Жареный петух
Шрифт:
— Тут как-то вы, мой лебедь, фигуряли дикими, вычурными, завиральными идейками. Гнилыми идейками о каком-то законе крови, о том, как мне помнится, что вы, дескать, отпрыск благородных, жирных, столбовых кровей, Бироны, Хворостинины, а позтому вы будете и в лагере жить лучше, чем Желтухин? Я вас правильно понял? Гнилая философия, подлая. Нет такого закона! Пустой романтизм, треп, фарс, собственно говоря, искажение истины. Сдается мне, что вы и сами-то в зто не больно верите. А если и верили, то наказаны за дурной кругозор, опровергнуты прагматикой, опомнились, узнав, где раки зимуют. В Утопии, не побоюсь этого слова в применении к лагерю, действуют неукоснительные, суровые, беспощадные законы социализма, общности, справедливости, равенства. Кривой, его риторика, демагогия — лживы и мерзопакостны. Нет спору. Но моральные критерии не годятся для истории. Через Кривого осуществилась историческая
— Юмор, да? — Бирон еле языком ворочал.— Подъелдыкиваешь? Чего ухмыляешься?

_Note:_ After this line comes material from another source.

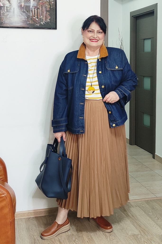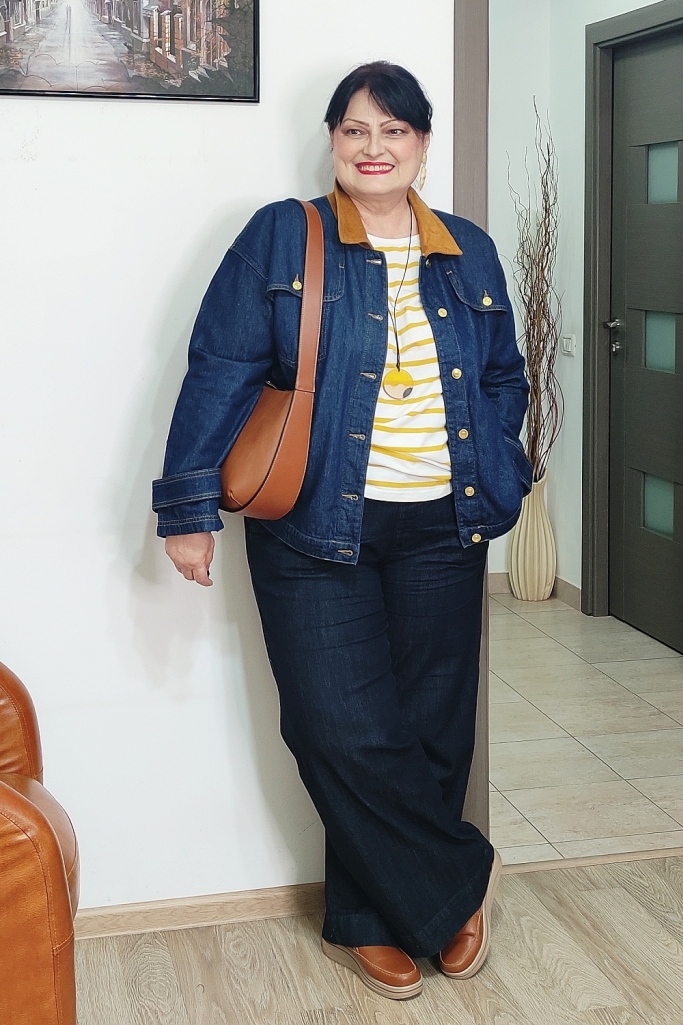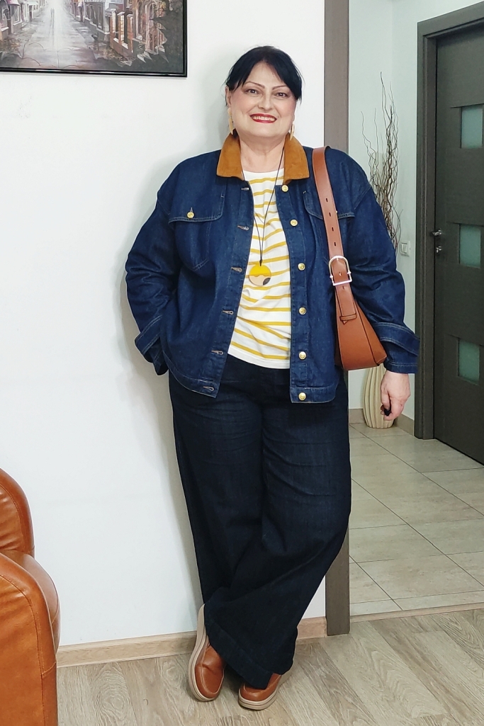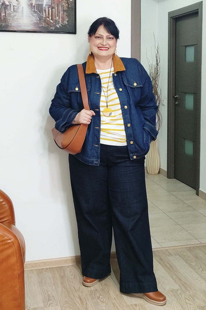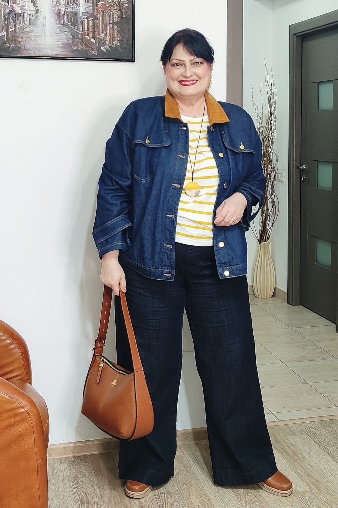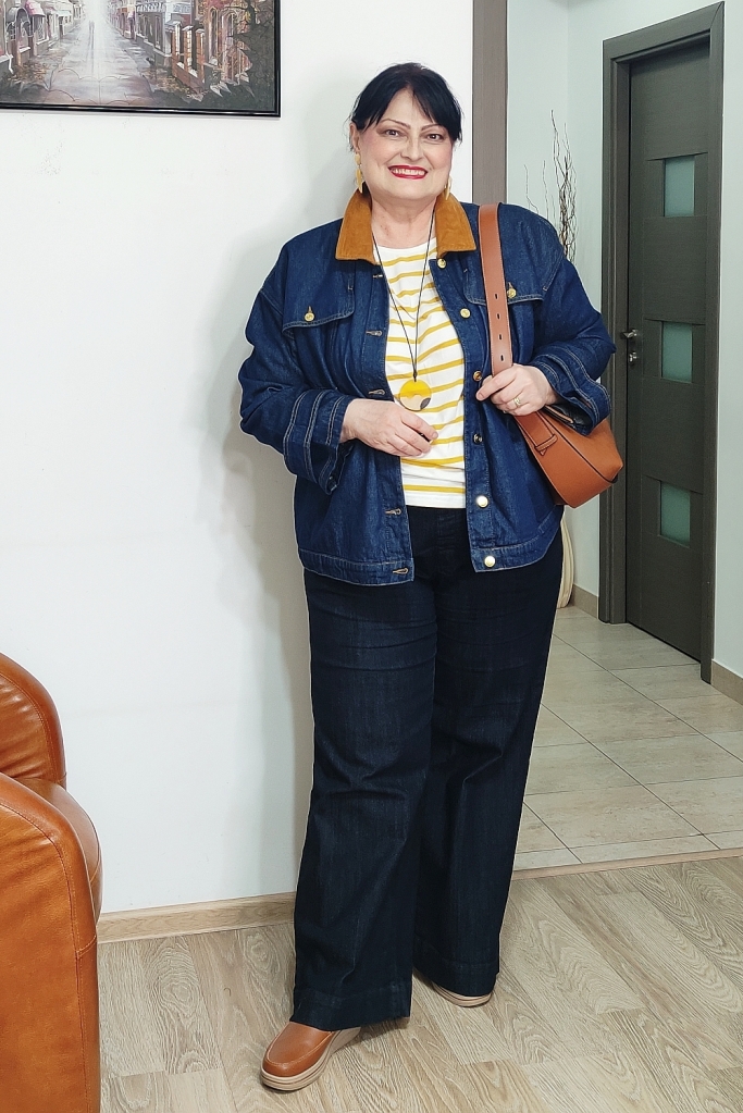 Pe sub jachetă am îmbrăcat un tricou cu dungi galbene care luminează ansamblul şi oferă un contrast cu nuanţele închise ale denimului. Pantofii şi geanta maro coniac completează ţinuta şi se leagă vizual de nuanţa gulerului jachetei.

— Отнюдь,— недоуменно.— Вовсе не ухмыляюсь. Откуда вы взяли?
Разговор принял досадно нелепый характер.
— Плюй, плюй в меня,— твердил Бирон.— Мешай с говном, по стенке размазывай. Все собрались? Плюйте!
— Успокойте бунтующие, раздрызганные нервишки и давайте наладим нормальный, результативный диалог. Не выношу расхлестанности, кипячения, паники. Вы, Бирон, как я вижу, завзятый, неугомонный спорщик. Остановитесь. Лебедь мой и заблудок, не отмахивайтесь отчаянно, раздраженно от истины, как от назойливой мухи. Лагерь — горькое, но для таких, как вы, полезное лекарство. Триединство социализма: равенство, справедливость, насилие. Три кита. Полно, лебедь, л-езть в бутылку. Глупо. Не в обиду будь сказано, кроме как себя самого, свой спесивый, ослушный характер, вам некого винить. Кто вас заставил выкидывать неподобающие фортели? Не пожелали считаться с аксиомами, по которым живет лагерь. Всяк кузнец своего счастья. Кто виноват, что вас угораздило сойти с колеи, заварить кашу, создать безвыходные, головокружительные обстоятельства? Пеняйте на себя. Кривой учинил справедливую расправу, потешился всласть, окоротил дворянскую спесь. Дрынком попотчевал. Поучительная, назидательная история. Не проходите мимо. Описать, издать в порядке прагматического назидания новичкам. Пособие по технике безопасности.
— Фигляр! — дряблым, ломающимся фальцетом закричал Бирон.
— Постойте минуточку, помолчите. Ничегошеньки вы не поняли. Руки опускаются.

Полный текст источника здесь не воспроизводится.